幼い頃からたまに遊びに行く近所のおじいさんの家がある。

おじいさんはよく油絵を描いている人だった、

一貫して彼岸花がテーマらしく色々なサイズのキャンパスに彼岸花を描き続けていた。

壁に掛けられたり、立てかけられてあったり、雑に並べてる絵もあった、その真ん中で白いキャンパスに真剣な顔で細く艶のある空に向かって広がる花弁を一本一本時間をかけてなぞるように描いていた。

画材独特の匂いが気になり何度か仕事部屋に入れてもらったが、小学四年にもなると仕事の邪魔をしてはいけないと、子どもながらに思うようになる、むやみに中には入らなくなった。

今はそれで良かったのだと思う。


庭や縁側、時には台所にもお邪魔していた。

そこでお茶しながら、よく話してくれたのは、子供の時の話、猟師の家に父と二人で暮らしてた時の話、狸は穴掘りしない、穴熊と間違ってるとか、鶴の鍋は上手いとか、銃はこう構える、罠はこう仕掛ける等々。

そんな生活も父が事故に遭い亡くなり終わったのだと言う。

野生の中で生きる生活は興味深く飽きることなく聞いていた。


しかし中学になる頃には、サッカー部い入り時間が取れなくなったのもあり疎遠になっていった。

ある日、親に聞いたら画家ではなく引退して悠々自適の生活の中での趣味で絵を描いてる人だとわかった。


高校になってからは趣味に生きると帰宅部になった。

何にも向き不向きというものがある、三年もやったがどうにも敵わない人というのがいて他のことをすることにした。

おじいさんは、たまに庭先に居る時に会ったら挨拶してたが、最近は表情も暗い、心なし腰も曲がってきた気がする、痩せた気もする。声も枯れぎみで咳をすることもあり心配になる。

昔二人で食べたシュークリームを駅前で買い、手土産して遊びに行ってみた。

絵の才能が自分にあるとは思ってないが、思わぬ才能が見つけられるかもしれない、なんて事思いながら。

久しぶりに見た居間は、ほとんど変化がなかった。一人暮らしなのに掃除や整理が丁寧で、自分の部屋とは大違いだなと思う。

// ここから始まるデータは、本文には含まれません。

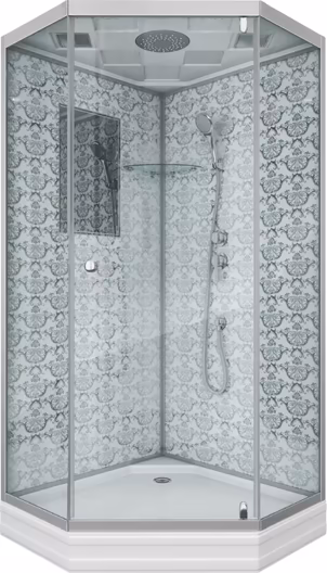 Душевая кабина Niagara NG-7702DW с серебристым рисунком на задних стенках станет украшением любой ванной комнаты. Модель имеет пятиугольную форму со стороной 100 см. Такая предполагает установку в углу помещения. Благодаря такому размещению и прозрачному переднему ограждению сантехника визуально не будет загромождать пространство.
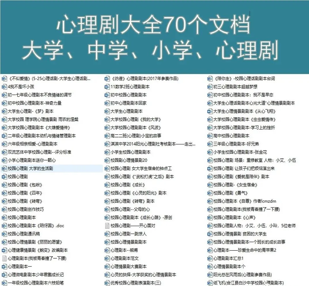 【免费领取】心理剧大全70个文档(包括小学+中学+大学)
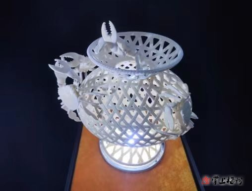 掌上梅州讯 近日,第十二届广东省民间工艺精品展评审结果揭晓。大埔县罗景龙蛋雕作品《螃蟹戏篓》获第十二届广东省民间工艺精品展优秀奖。
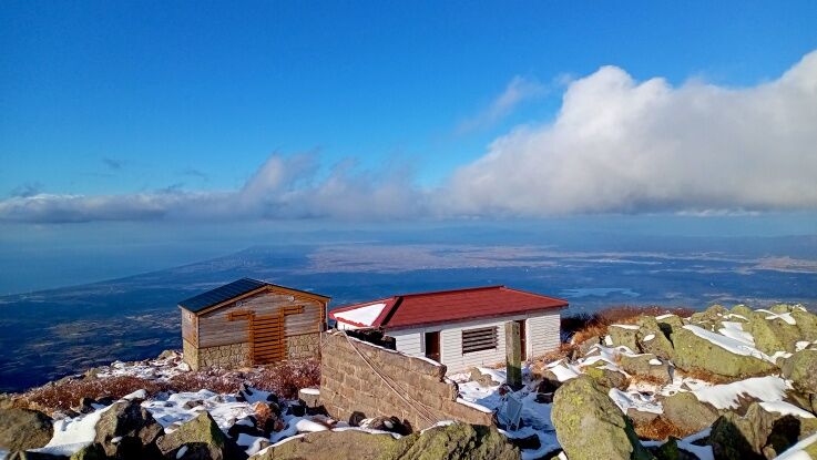 8合目の駐車場から岩木山山頂が見えています。

シュークリームを懐かしがるが食欲はない感じだったが、でも話すことも、話し方もおかしな所はなくほっとする。


久しぶりにアトリエに入れてもらった、画材を見てみると赤が多い、思いのほか多い、聞いてみるとピタリと合う色を探してるうちに増えたのだと言う、一枚の花びらを描くにもいくつもの赤がいるし、その赤を作るにもいくつもの色がいるという。

画家の色彩感覚と言うものかなと納得しつつも、趣味にするには金銭的にも敷居が高く感じやめておこうと思う。。


居間にて。

久々のおじいさんの話は昔あまりしなかった秋の話だった。大体は春夏の話だった。

夏が終わり秋が来ると冬の支度が始まる、紅葉が進み山々がが赤や黄色に変わりだす。

あれはいいものだ、虫の声も悪くないが、冬が来るまでの競争でもある。

薪を積み、干し肉や干した野菜、保存食を備える。


「木枯らしが吹く。。。」


自身の腕で自身の体を抱えるようにしてさすり始めた、本当に寒そうな表情までしてる

初夏でまだ暑いと言うほどでもないが、寒くは全くない。


「雪が降り始める、葉が散り、虫も居なくなり、匂いがなくなる、空気に匂いがなくなる、空気も凍るものなのかもしれない。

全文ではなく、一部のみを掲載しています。